In its American form, yoga can sometimes seem like it's less about meditation than fitness, extreme sweatiness, and the absurdity of trying to balance on your head while wearing hot-pink lycra pants. But the practice has deep spiritual roots, dating back at least 2,500 years to philosophical traditions in ancient India. In the twentieth century, one of the most influential figures in spreading yoga beyond South Asia was B.K.S. Iyengar, an Indian guru. He died on Wednesday at age 95 in the Indian city of Pune; according to the Associated Press, he was still doing headstands into his early 90s.
"He had such a huge impact on how yoga is understood and practiced around the world today; everything after him is pretty much variations on a theme," said Debra Diamond, the curator of the Smithsonian's recent exhibit, Yoga: The Art of Transformation. The gallery included several videos of Iyengar, including a 1938 clip that's thought to be one of the earliest recordings of yoga. This silent film features a young Iyengar and his teacher, Krishnaraja Wodiyar, transitioning through a series of asanas, or poses, and practicing meditative breathing. The mesmerizing sequences are a perfect example of yoga's wow factor: The men's physical and mental control is just stunning.
Iyengar didn't see a separation between the physical and spiritual aspects of yoga, according to John Schumacher, a longtime student of Iyengar's in India and the United States and the director of the Unity Woods Yoga Center in D.C. "The physical body is a manifestation of the divine body," he said. "How we approach the physical aspects is part of the whole package of yoga: body, mind, spirit, breath, and emotion." The poses aren't just designed to be good party tricks (although, can you imagine having those guys at a party?)—they're ways of creating physical benefits through a meditative practice. "That focus that’s required to pay attention on that level is not unlike a super-trained athlete," Schumacher said.

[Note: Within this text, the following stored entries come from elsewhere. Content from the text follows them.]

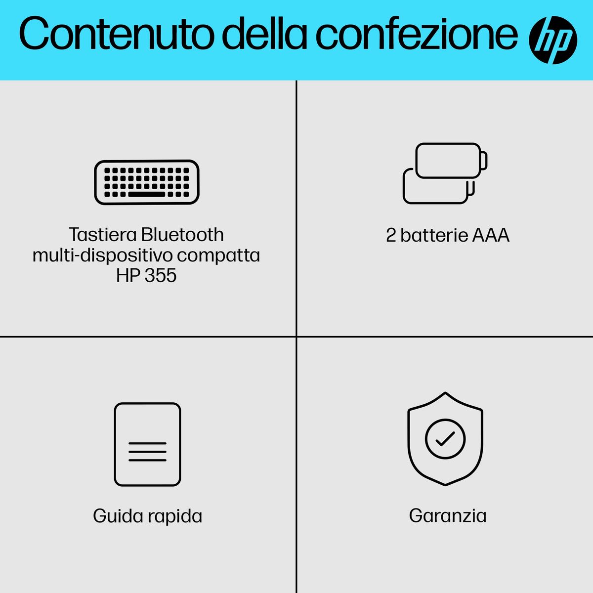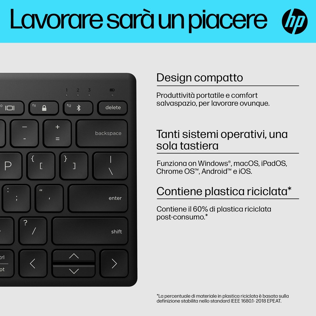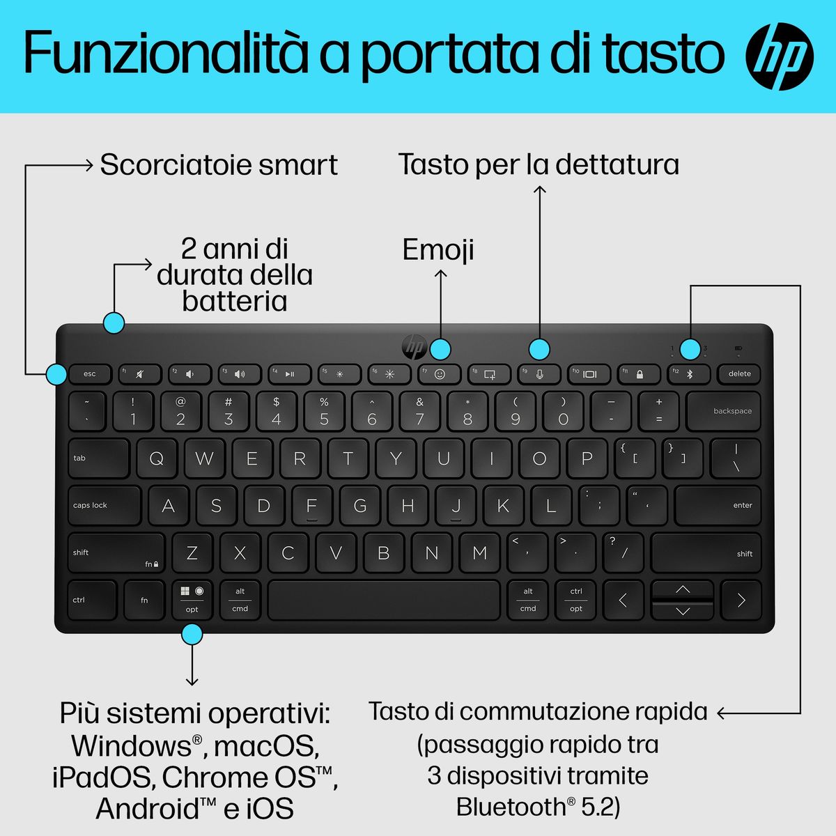 HP Tastiera Bluetooth multi-dispositivo compatta 355. Interfaccia dispositivo: Bluetooth, Interruttore a chiave per tastiera: Interruttore a chiave meccanica, Utilizzo raccomandato: Casa. Colore del prodotto: Nero
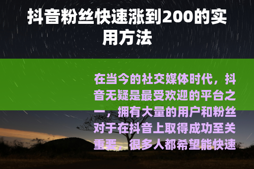 在当今的社交媒体时代,抖音无疑是最受欢迎的平台之一,拥有大量的用户和粉丝对于在抖音上取得成功至关重要,很多人都希望能快速将自己的抖音粉丝涨到200 ,以下是一些有效的方法。
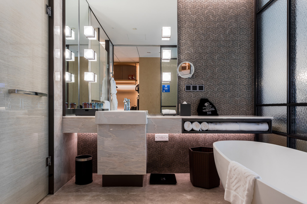 宽大明亮的镜子,左右对称布局的三张镜前灯,有一种明星化妆台的即视感,对于日常化妆的小姐姐来讲,真是超级有必要。独立的洗漱间,浴缸区,洗手间和沐浴间,为的就是确保每一处的体验都很nice。
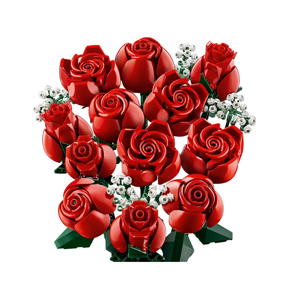 The LEGO® Icons / Botanical Collection Bouquet of Roses (10328) is a relaxing and elegant build for adults (18+). With 822 pieces, it lets you create a dozen red roses — 4 in full bloom, 4 blooming, and 4 buds — along with four sprigs of baby’s breath. The stems are long and poseable, so you can display the bouquet in a vase of your choice.
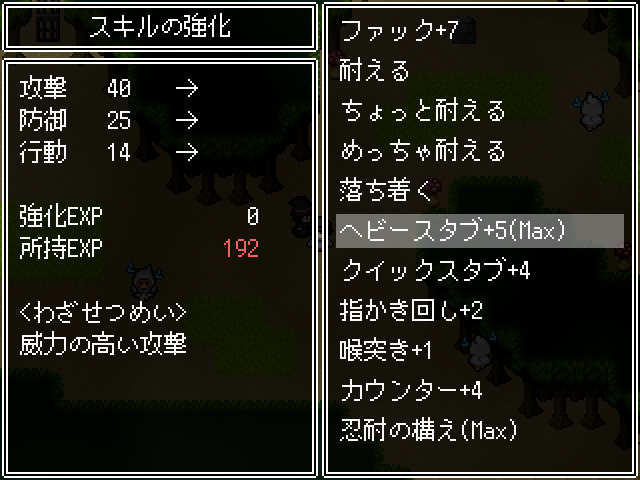 돌아오면 슈퍼필을 얻을 수 있습니다일기구경도 하면 지하에 누군가 있단 사실을 알 수 있습니다다시 왼쪽으로 가서나무를 치우고 나아갑시다죽 가면묘지같은 곳으로 빠집니다묘비는 가까이 가면 적이 튀어나오고카운터를 쓰니 주의이쯤 헤피스탭을 마스터 했는데 매우 좋습니다빙글 돌아서 저택으로 갈 수 있고여기서 사다리를 내려 지름길을 만들 수 있습니다아이템들도 회수하고여기는캔들펫이 있고이건 들 수 있네요바닥을 보아하니 여기에 놔두는 것인가 본데불은 알아서 켜지네요저택으로 들어와서왼쯕은다 잠겨있네요오른쪽은 안보이고보니 촛불이 다 꺼져가네요들어서교체밝아집니다잠겨있고여기서 슈퍼필과 열쇠를 주워돌아가면 척봐도 미믹같아보이는게 있습니다진짜네강력한 카운터를 쓰니 주의별건 없습니다돌아다니다 보면매뉴얼이 있는데되도록 혼자 있을때를 노리라네요템도 훔치고가장 안쪽의 도서관에 오면또 혼자 행동할 수 있습니다식당쪽으로 가면 붙잡힙니다보스방으로 직행배송오잡아줍시다내려와서이야기를 하면하이퍼필을 만들 수 있게 됩니다 이게 마지막입니다이거는 클리어 하면 뭔 의미인지 알 수 있습니다다시 이곳 저곳 둘러봅시다여기는 다크엘프가 나옵니다기가스탭까지 써오지만 난이도는 생각보다 쉬운편입니다바로 만들어줍시다이거도 만들어주면 아이템이 4개씩 떨어집니다리젠은 꽤나 빠르게 되는 편입니다슬슬 빈공간을 채워봅시다이곳저곳 잡고이곳도 버섯을 마저주니 마물로 변하네요세이브안해서 많이 쫄았습니다관통기술이 많기 때문에 회복을 써주면 꾸역꾸역 버틸 수 있었습니다매우 좋습니다슬라임은 못잡더군요엘프는 여기 리젠됩니다적당히 잡다보면이벤트가 일어나더군요내일 뭔가 한다고 합니다일기도 있네요일단은 이정도 채웠습니다지하로가면 책이 있고책을 조사하면 어딘가로 이동합니다

Yoga has a long history in America, but Iyengar helped shape the practices that are popular today, said Masum Momaya, the museum curator at the Smithsonian's Indian American Heritage Project. He introduced his eponymous yoga practice to the United States in 1956 when he visited the country for the first time, and it gained popularity over the course of the next two decades. "The particular type of Ashtanga yoga he taught emphasized precision and mastery, and this appealed to many people here in the United States, especially those who came of age during the 'feel-the-burn' movement of the 1980s."
He also made the practice more American-friendly. "Yoga was taught one teacher to one student for many years; Iyengar was one of the first to teach yoga to large classes of people," Shumacher said. He found ways of making yoga more accessible to non-bendy newcomers, developing methods for using props like belts, straps, and blocks—or, in the early days, bricks and pieces of wood—to get people into positions. Even in the hippy-filled 1970s, he was making the practice more mainstream. "He sort of took away the esoteric trappings to some extent: We don’t turn the lights down, we don’t play music, we don’t burn incense," said Schumacher. "There's already plenty to occupy us."